F. Quality Assessment
Evaluating the performance of the Internal Audit function as well as monitoring the quality of the audit process and outputs is straight-forward with StratexPoint. With the ability to define objectives, processes and initiatives, each with KPIs, Improvement Actions etc for the Audit Function (an entity within StratexPoint), StratexPoint enables the Board and/or Audit Committee to monitor the Audit Function performance using the same tools as they would use for any other function within the organisation, for example an Audit Team Strategy Map, Audit Team Dashboards etc. Additionally at the Audit process level StratexPoint provides tools such as KPIs, Improvement Actions, and Quality Testing to monitor both the Audit Process and/or down to an individual Audit level. By applying the same quality management tools to Audit, and by Audit holding itself to the same standard it expects from the rest of the organisation, the Chief Internal Auditor and the Audit Team build their credibility and standing within the organisation making for more effective challenge.

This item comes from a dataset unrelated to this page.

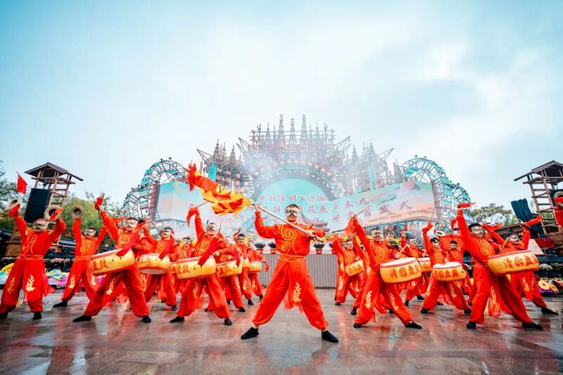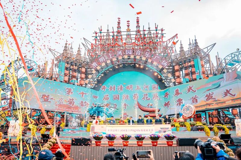 开封清明上河园内鼓乐齐鸣、菊香四溢,

G. Relationships with regulators
From the very first project where StratexPoint was deployed, enabling the building and maintenance of a good relationship with regulatory stakeholders was an important critical success factor. We do this provide ensuring that the organisation, including Internal Audit has the right tool to translate their vision of the organisation, including its risk and compliance vision into reality. Importantly when that vision is presented in the typical powerpoint format, been able to go to StratexPoint and demonstrate that the vision is embedded within the organisation builds the trust and confidence that many regulatory stakeholders are looking for. By having information available in real time that touches on the strategy, business model, risk appetite, key risks, controls and accountabilities around each of these enables a high quality, open conversation to take place between the Internal Audit team and regulators.